Audio Processing & ML Pipelines ·

ADAPT: Audio Data Annotation and Preprocessing Tool

An industry-grade, scalable CLI pipeline for automated TTS and ASR dataset generation. ADAPT handles end-to-end ingestion, vocal separation, global speaker diarization, VAD-based slicing, and phonetic annotation while specifically solving cross-chunk speaker ID mismatches for large corpora.

Pipeline architecture demonstrating sequential, non-destructive processing from raw ingestion to final chunked phonetic metadata.

Problem Statement

Building high-quality datasets for Text-to-Speech (TTS) and Automatic Speech Recognition (ASR) models is historically bottlenecked by manual labor. Extracting clean speech from noisy YouTube streams, accurately diarizing multiple speakers, stripping silence, and generating aligned phonetic metadata requires hundreds of hours of manual annotation. Furthermore, automated pipelines often crash due to GPU VRAM limits on long files or lose track of speaker identities when audio is chunked.

Architecture Breakdown

Ingestion & Normalization: Leverages yt-dlp and ffmpeg to pull raw audio from URLs or local directories, standardizing to a unified mono sample rate (e.g., 44.1kHz).
Vocal Isolation & Memory Management: Utilizes Demucs for state-of-the-art music and noise separation. To prevent Out-Of-Memory (OOM) faults on consumer GPUs, a pre-chunking layer splits massive files into configurable durations prior to tensor processing.
Global Speaker Diarization: Employs pyannote.audio for temporal speaker segmentation and embedding extraction.
Slicing & Transcription: Filters dead air via WebRTC Voice Activity Detection (VAD) and feeds valid speech utterances into batched Whisper model inference.

Why This Needed Custom Engineering

When scaling dataset generation to multi-hour audio files, strict hardware VRAM limits mandate chunking the audio before neural network processing. However, naive chunking breaks continuous speaker diarization: "Speaker 1" in Chunk A might be incorrectly labeled as "Speaker 3" in Chunk B, ruining the integrity of single-speaker TTS datasets.

ADAPT solves this structural flaw natively. Instead of blindly merging chunk outputs, ADAPT extracts neural speaker embeddings for every detected segment. It then performs a global Agglomerative Clustering pass using cosine similarity on these embeddings to unify speaker IDs across the entire dataset before the final slicing phase.

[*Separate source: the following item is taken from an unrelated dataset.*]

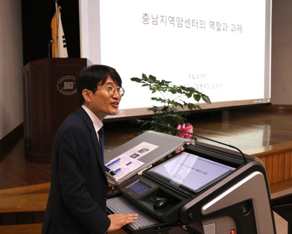 (국립암센터 임정수 본부장이 충남지역암센터의 역할과 과제 강연을 진행했다)

Operational Core Challenges and Fixes

Challenge	Technical Description	Pipeline Mitigation Strategy
GPU VRAM Exhaustion	Heavy models like Demucs crash when loading entire multi-hour WAV tensors into memory.	Implemented a parameter-driven `pre_chunking` module to slice raw audio into digestible 10-minute fragments prior to vocal separation.
Cross-Chunk Speaker Identity Loss	Sequential diarization of chunked files creates overlapping or disjointed localized speaker labels.	Engineered a global clustering layer (`AgglomerativeClustering`) that maps temporary local IDs to a master embedded spatial grouping.
Low-Resource Language Phonetics	Universal IPA generators (`espeak-ng`) often fail on structurally complex Indic scripts like Malayalam.	Integrated a custom grapheme-to-phoneme backend using a modified `mlphon_v2` dictionary for precise Malayalam phonetic transcriptions.
Non-Speech Artifacts	Breaths, clicks, and room tone inflate dataset size and confuse acoustic models during training.	Calibrated a WebRTC VAD thresholding filter during the slicing phase to aggressively drop non-vocal audio frames.

Pipeline Output & Artifact Generation

ADAPT operates entirely non-destructively, caching outputs at each phase to allow for pipeline resumption and modular debugging. The final export provides everything an ML engineer needs for immediate model training.

Artifact	Output Format	Purpose
Utterance Audio	`.wav` (Mono, 44.1kHz)	Clean, isolated vocal slices normalized for acoustic modeling.
Mel Spectrograms	`.png`	Visual frequency representations generated via `librosa` for model evaluation.
Master Index	`metadata.csv`	Links exact file paths to speaker IDs, timestamps, raw transcriptions, and phonetic tokens.

Engineering Outcome

ADAPT effectively reduces the data curation timeline from weeks to hours. By successfully managing memory limits without sacrificing the contextual integrity of speaker diarization, it provides a highly reliable, scalable infrastructure for building proprietary voice cloning, TTS, and ASR datasets on consumer-grade hardware.